**TASK BRIEF**
Return the lines of the listing below exactly as they appear, beginning at the one with "You can download" and stopping after the one with "Brown Rodeo Print"; do not include pictures.

**RECORDED INFORMATION**

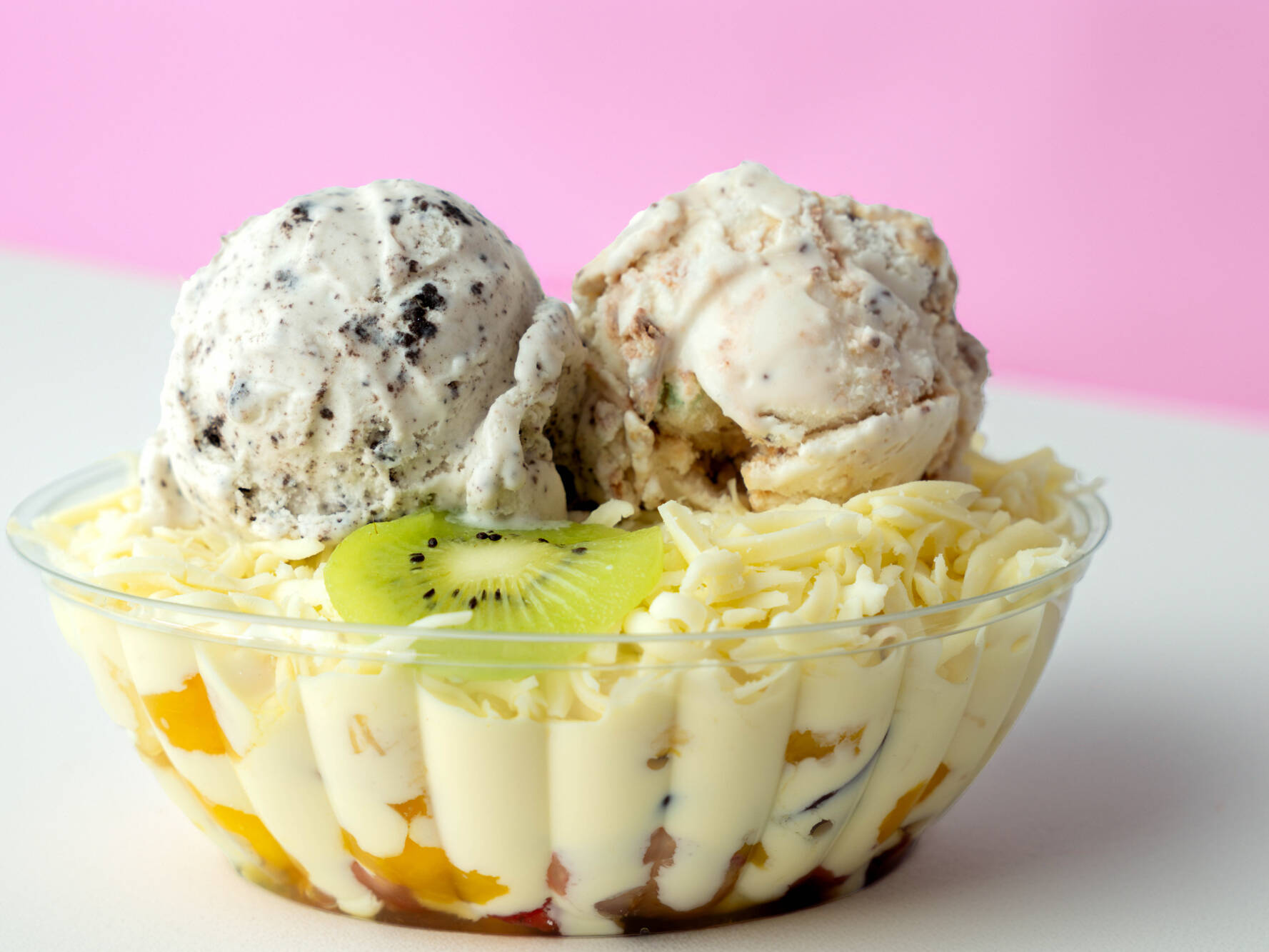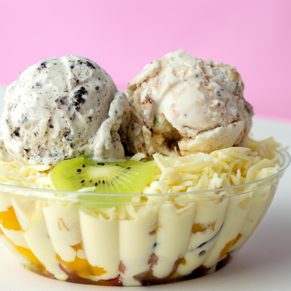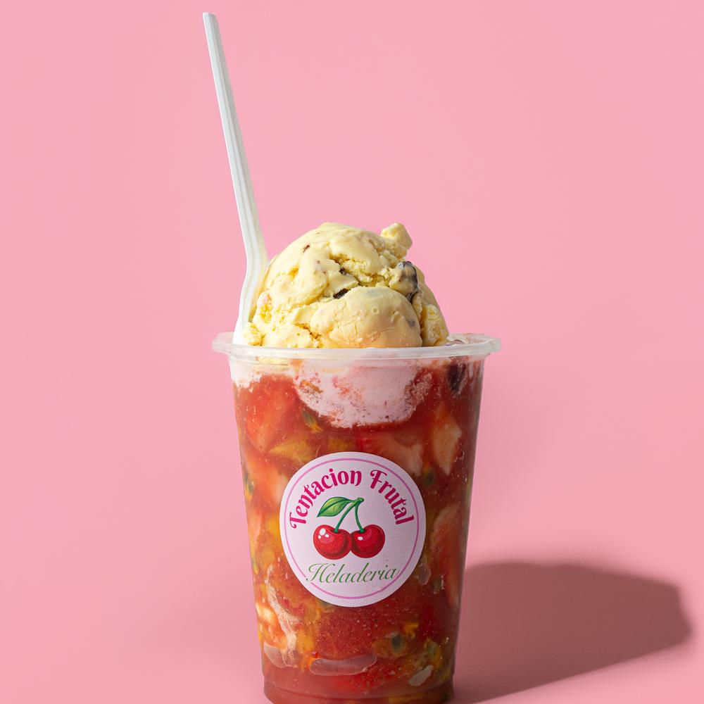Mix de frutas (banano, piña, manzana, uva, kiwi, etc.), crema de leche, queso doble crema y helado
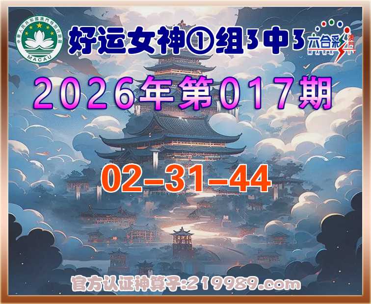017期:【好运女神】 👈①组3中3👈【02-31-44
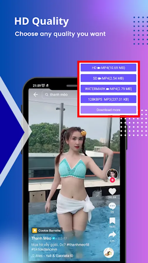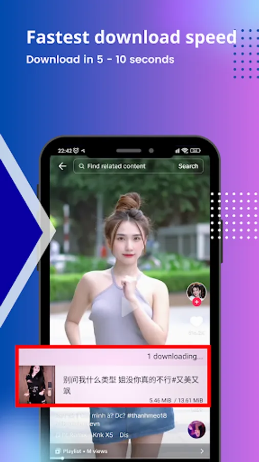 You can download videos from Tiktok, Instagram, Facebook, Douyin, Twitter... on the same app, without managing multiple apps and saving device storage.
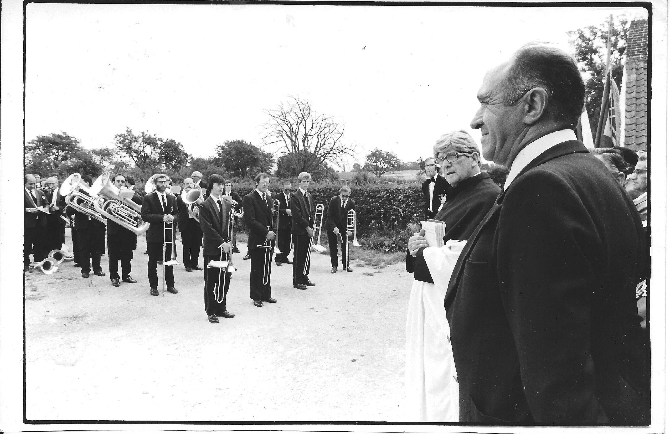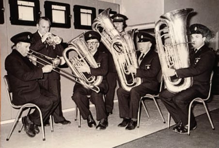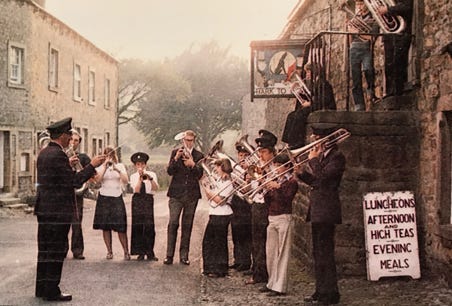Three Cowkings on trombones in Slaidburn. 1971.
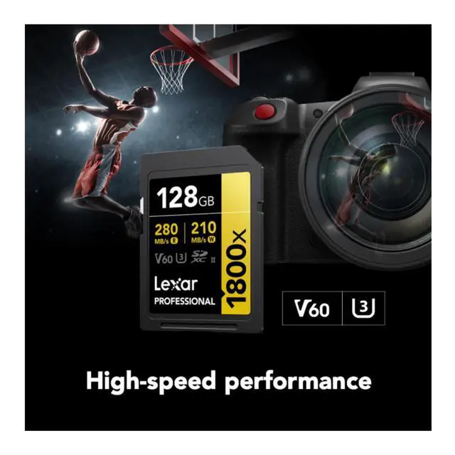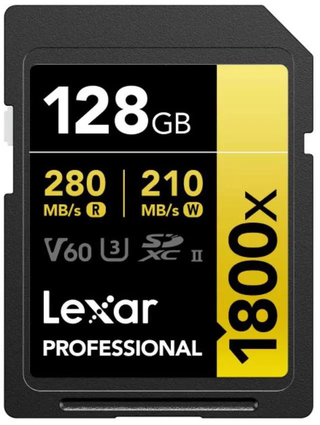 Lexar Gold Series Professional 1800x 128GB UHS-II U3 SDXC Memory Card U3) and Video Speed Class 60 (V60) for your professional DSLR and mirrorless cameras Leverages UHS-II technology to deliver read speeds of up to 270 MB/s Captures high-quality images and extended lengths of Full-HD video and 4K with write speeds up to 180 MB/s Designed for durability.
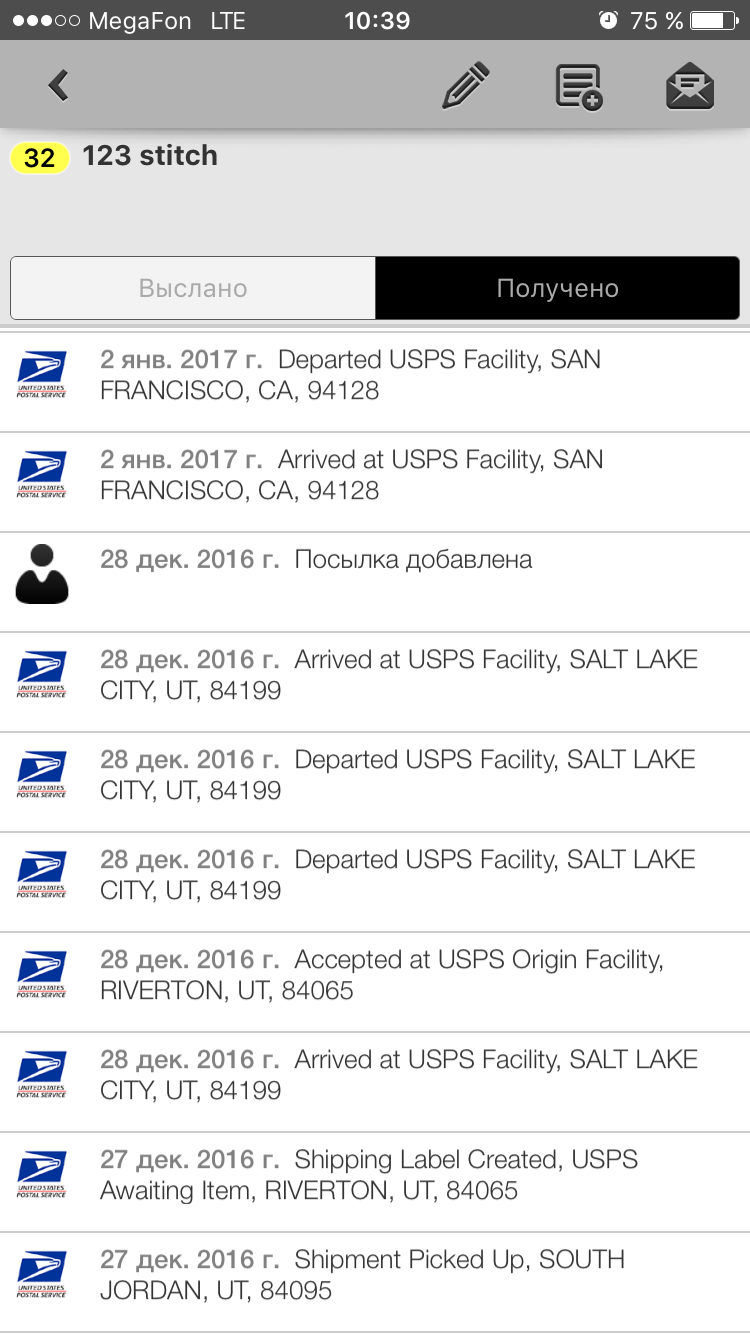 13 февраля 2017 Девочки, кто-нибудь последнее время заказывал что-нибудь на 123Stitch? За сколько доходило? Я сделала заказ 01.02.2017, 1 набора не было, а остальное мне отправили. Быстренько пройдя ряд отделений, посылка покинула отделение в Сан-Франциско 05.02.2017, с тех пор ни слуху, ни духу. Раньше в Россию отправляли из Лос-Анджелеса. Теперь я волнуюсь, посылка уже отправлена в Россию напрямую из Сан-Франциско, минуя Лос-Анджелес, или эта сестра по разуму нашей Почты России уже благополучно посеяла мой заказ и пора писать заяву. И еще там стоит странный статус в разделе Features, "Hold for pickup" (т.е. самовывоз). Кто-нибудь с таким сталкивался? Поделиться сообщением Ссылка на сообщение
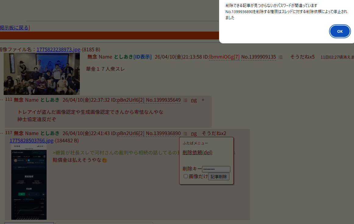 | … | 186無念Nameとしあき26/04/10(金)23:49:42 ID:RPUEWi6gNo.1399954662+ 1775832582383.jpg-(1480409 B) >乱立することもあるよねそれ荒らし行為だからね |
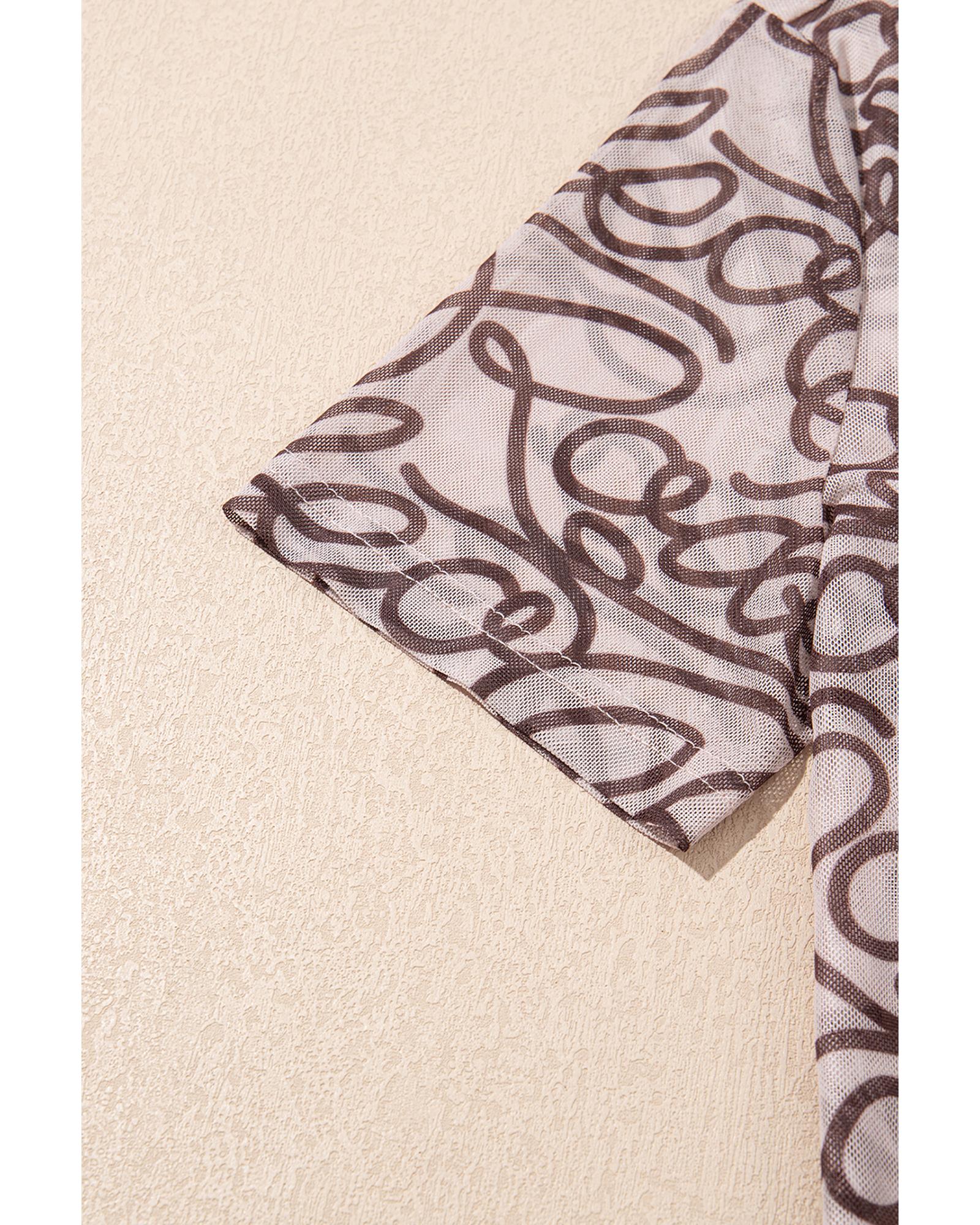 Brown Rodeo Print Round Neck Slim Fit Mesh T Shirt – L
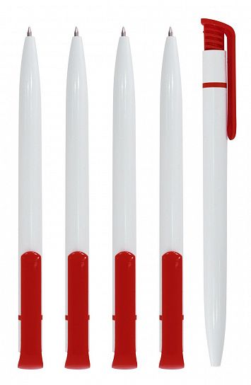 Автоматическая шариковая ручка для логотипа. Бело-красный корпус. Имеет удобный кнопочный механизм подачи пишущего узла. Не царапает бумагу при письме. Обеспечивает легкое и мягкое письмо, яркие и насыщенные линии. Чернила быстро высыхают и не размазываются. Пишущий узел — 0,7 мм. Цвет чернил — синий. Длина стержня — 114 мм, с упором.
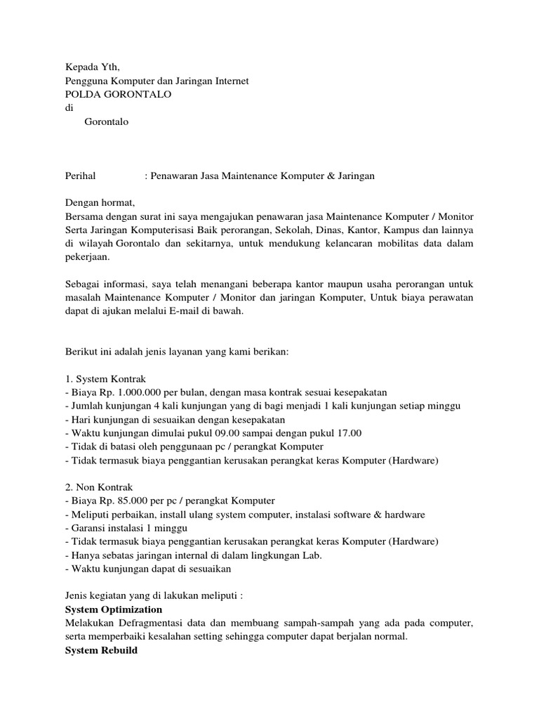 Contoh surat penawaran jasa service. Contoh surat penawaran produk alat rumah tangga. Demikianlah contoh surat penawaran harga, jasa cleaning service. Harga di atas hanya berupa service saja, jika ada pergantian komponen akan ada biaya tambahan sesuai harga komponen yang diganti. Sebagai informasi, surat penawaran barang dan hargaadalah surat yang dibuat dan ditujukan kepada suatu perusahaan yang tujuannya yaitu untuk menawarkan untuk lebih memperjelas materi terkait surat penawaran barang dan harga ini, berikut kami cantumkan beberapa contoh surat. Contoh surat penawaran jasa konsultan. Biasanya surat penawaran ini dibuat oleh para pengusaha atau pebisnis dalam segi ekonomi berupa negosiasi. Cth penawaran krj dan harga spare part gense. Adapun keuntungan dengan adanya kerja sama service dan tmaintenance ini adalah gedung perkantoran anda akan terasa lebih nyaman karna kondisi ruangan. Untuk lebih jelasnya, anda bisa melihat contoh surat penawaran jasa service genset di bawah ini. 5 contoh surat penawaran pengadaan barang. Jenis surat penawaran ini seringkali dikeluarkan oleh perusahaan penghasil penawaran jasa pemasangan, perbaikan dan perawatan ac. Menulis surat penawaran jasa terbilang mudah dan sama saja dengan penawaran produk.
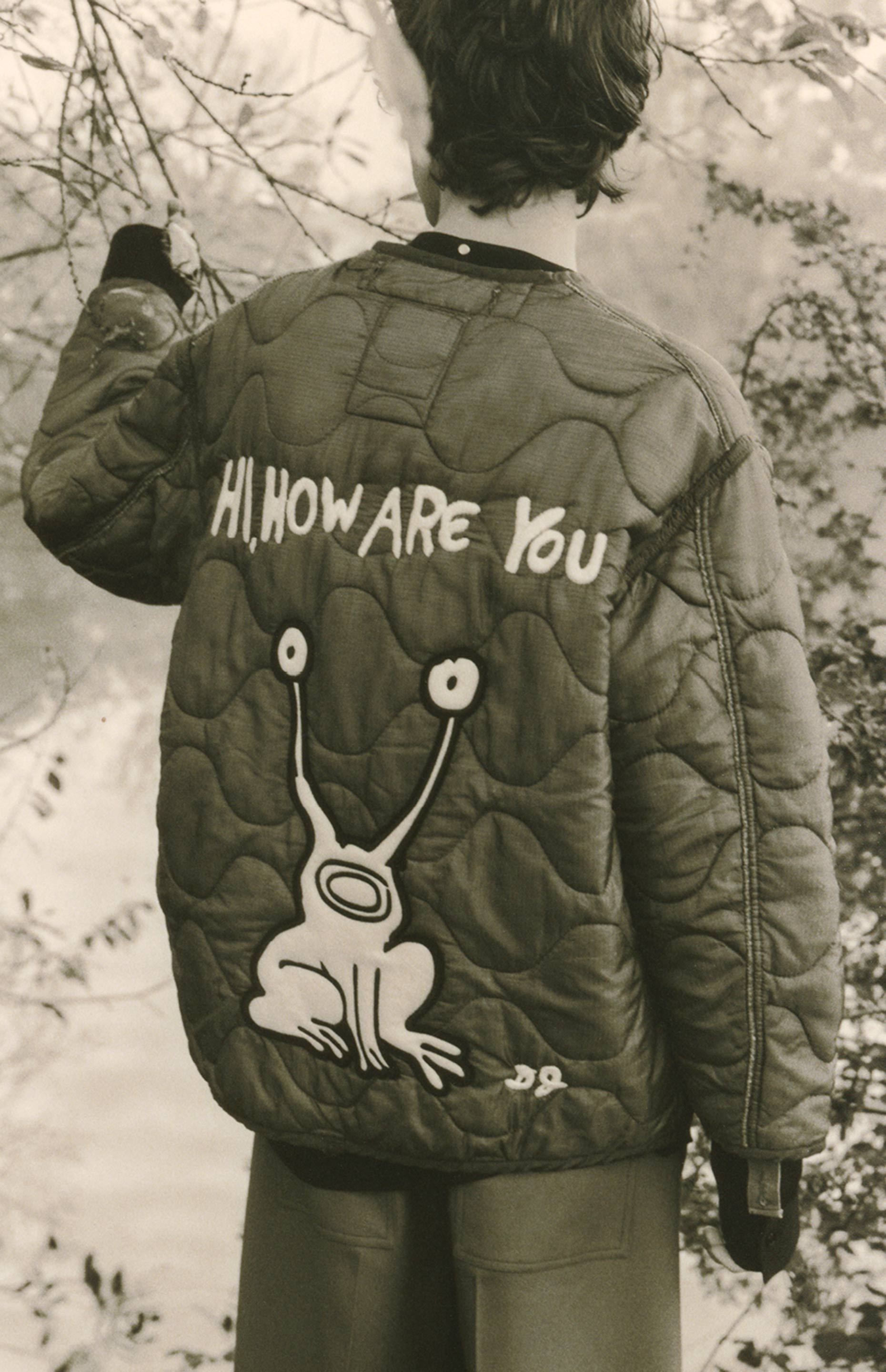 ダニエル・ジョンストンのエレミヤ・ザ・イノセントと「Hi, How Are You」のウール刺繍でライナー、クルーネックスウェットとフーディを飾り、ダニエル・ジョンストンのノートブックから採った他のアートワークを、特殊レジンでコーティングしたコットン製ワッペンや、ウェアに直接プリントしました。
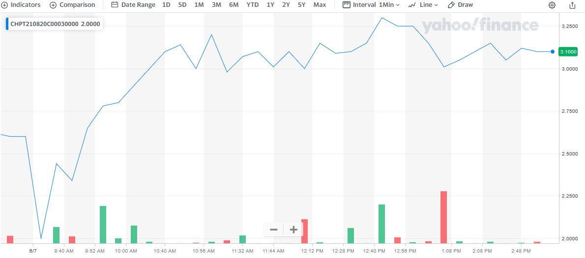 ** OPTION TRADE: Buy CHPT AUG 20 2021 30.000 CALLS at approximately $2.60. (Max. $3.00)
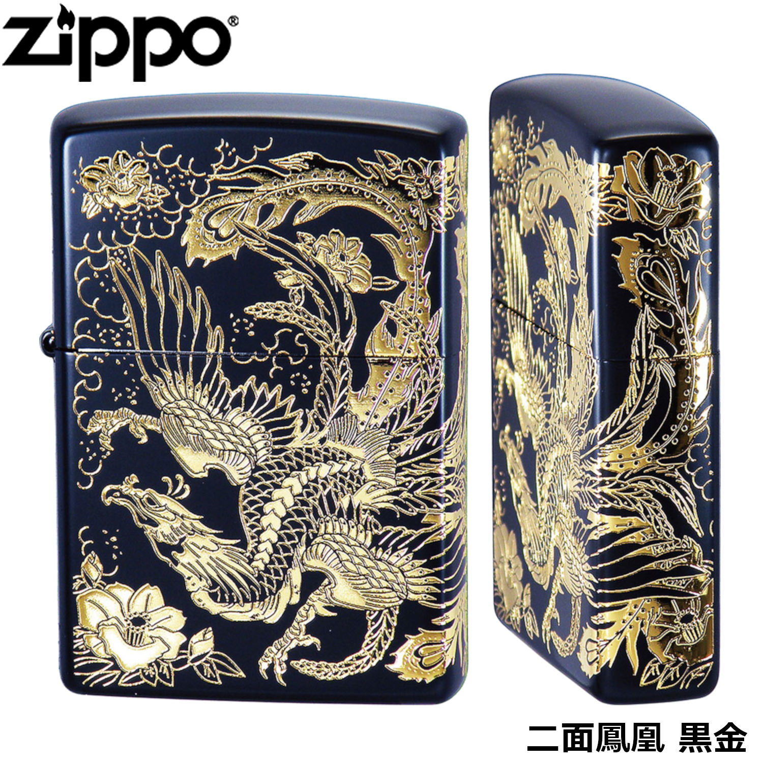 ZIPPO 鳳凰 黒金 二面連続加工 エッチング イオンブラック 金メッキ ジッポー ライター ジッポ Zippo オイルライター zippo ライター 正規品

**OUTPUT**
 You can download videos from Tiktok, Instagram, Facebook, Douyin, Twitter... on the same app, without managing multiple apps and saving device storage.
Three Cowkings on trombones in Slaidburn. 1971.
 Lexar Gold Series Professional 1800x 128GB UHS-II U3 SDXC Memory Card U3) and Video Speed Class 60 (V60) for your professional DSLR and mirrorless cameras Leverages UHS-II technology to deliver read speeds of up to 270 MB/s Captures high-quality images and extended lengths of Full-HD video and 4K with write speeds up to 180 MB/s Designed for durability.
 13 февраля 2017 Девочки, кто-нибудь последнее время заказывал что-нибудь на 123Stitch? За сколько доходило? Я сделала заказ 01.02.2017, 1 набора не было, а остальное мне отправили. Быстренько пройдя ряд отделений, посылка покинула отделение в Сан-Франциско 05.02.2017, с тех пор ни слуху, ни духу. Раньше в Россию отправляли из Лос-Анджелеса. Теперь я волнуюсь, посылка уже отправлена в Россию напрямую из Сан-Франциско, минуя Лос-Анджелес, или эта сестра по разуму нашей Почты России уже благополучно посеяла мой заказ и пора писать заяву. И еще там стоит странный статус в разделе Features, "Hold for pickup" (т.е. самовывоз). Кто-нибудь с таким сталкивался? Поделиться сообщением Ссылка на сообщение
 | … | 186無念Nameとしあき26/04/10(金)23:49:42 ID:RPUEWi6gNo.1399954662+ 1775832582383.jpg-(1480409 B) >乱立することもあるよねそれ荒らし行為だからね |
 Brown Rodeo Print Round Neck Slim Fit Mesh T Shirt – L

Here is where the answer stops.